Regulation Number and Section

§ 878.4040 Surgical apparel.

(a)
Identification. Surgical apparel are devices that are intended to be worn by operating room personnel during surgical procedures to protect both the surgical patient and the operating room personnel from transfer of microorganisms, body fluids, and particulate material. Examples include surgical caps, hoods, masks, gowns, operating room shoes and shoe covers, and isolation masks and gowns. Surgical suits and dresses, commonly known as scrub suits, are excluded.(b)
Classification. (1) Class II (special controls) for surgical gowns and surgical masks. A surgical N95 respirator or N95 filtering facepiece respirator is not exempt if it is intended to prevent specific diseases or infections, or it is labeled or otherwise represented as filtering surgical smoke or plumes, filtering specific amounts of viruses or bacteria, reducing the amount of and/or killing viruses, bacteria, or fungi, or affecting allergenicity, or it contains coating technologies unrelated to filtration (e.g., to reduce and or kill microorganisms). Surgical N95 respirators and N95 filtering facepiece respirators are exempt from the premarket notification procedures in subpart E of part 807 of this chapter subject to § 878.9, and the following conditions for exemption:(i) The user contacting components of the device must be demonstrated to be biocompatible.

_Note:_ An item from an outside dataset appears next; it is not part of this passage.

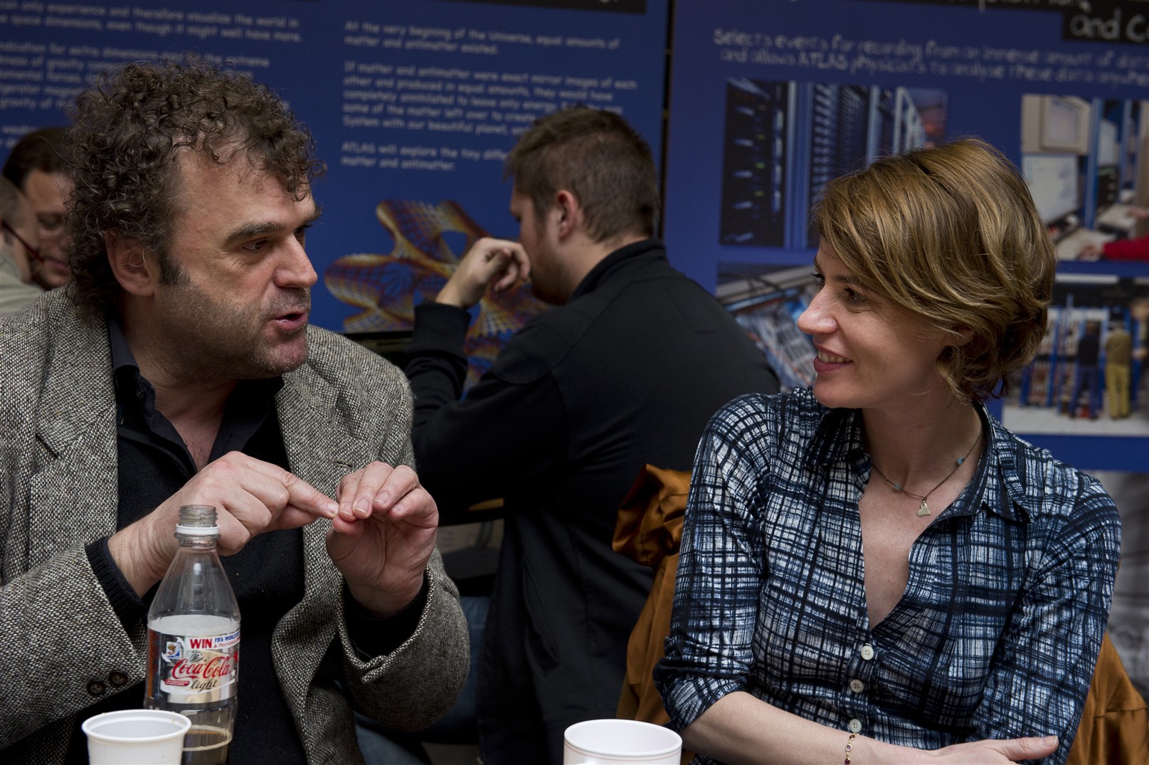 À la recherche d’inspiration en vue d’un court métrage, Irène Jacob, comédienne française et fille du physicien Maurice Jacob, et Pippo Delbono, metteur en scène et acteur de théâtre italien, ont visité les salles de contrôle d’ATLAS et de CMS lundi 17 mai. Le film sera projeté lors de la nuit des particules, manifestation organisée à l’occasion de la conférence ICHEP 2010.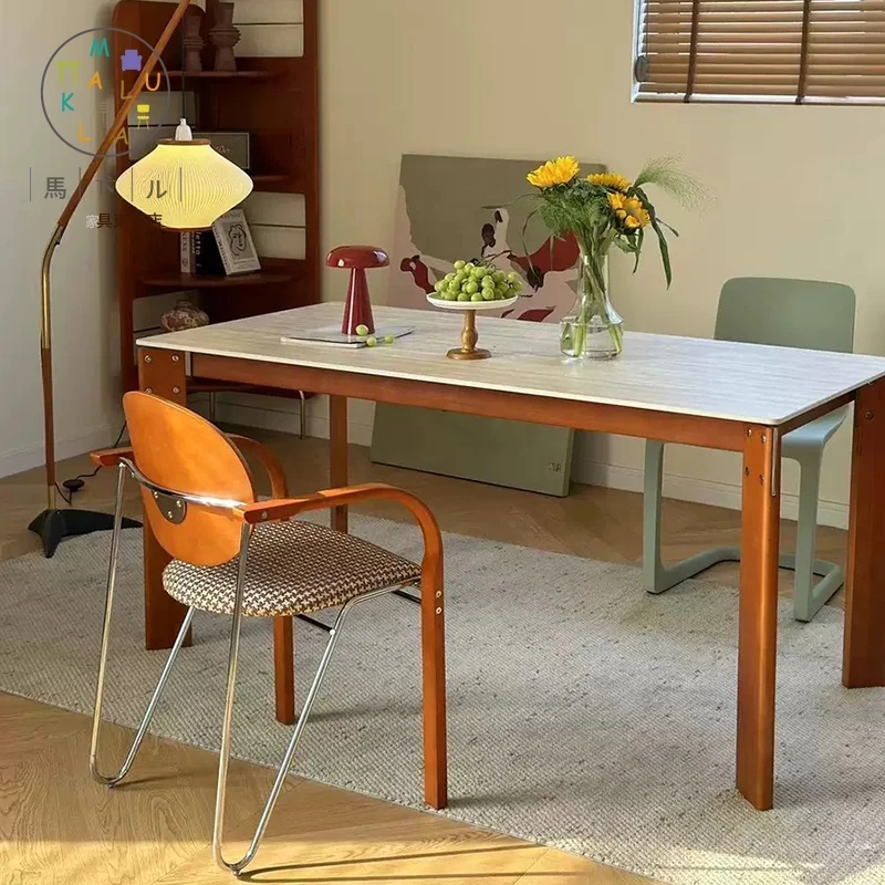 マカリュウ中古実木岩板ダイニングテーブル・インス風小型レトロ長方形食卓 - スタイリッシュなデザインで、限られたスペースを最大限に活用。おしゃれな食卓で、特別なひとときを!

(ii) Analysis and nonclinical testing must:
(A) Characterize flammability and be demonstrated to be appropriate for the intended environment of use; and
(B) Demonstrate the ability of the device to resist penetration by fluids, such as blood and body fluids, at a velocity consistent with the intended use of the device.
(iii) NIOSH approved under its regulation.
(2) Class I (general controls) for surgical apparel other than surgical gowns and surgical masks. The class I device is exempt from the premarket notification procedures in subpart E of part 807 of this chapter subject to § 878.9.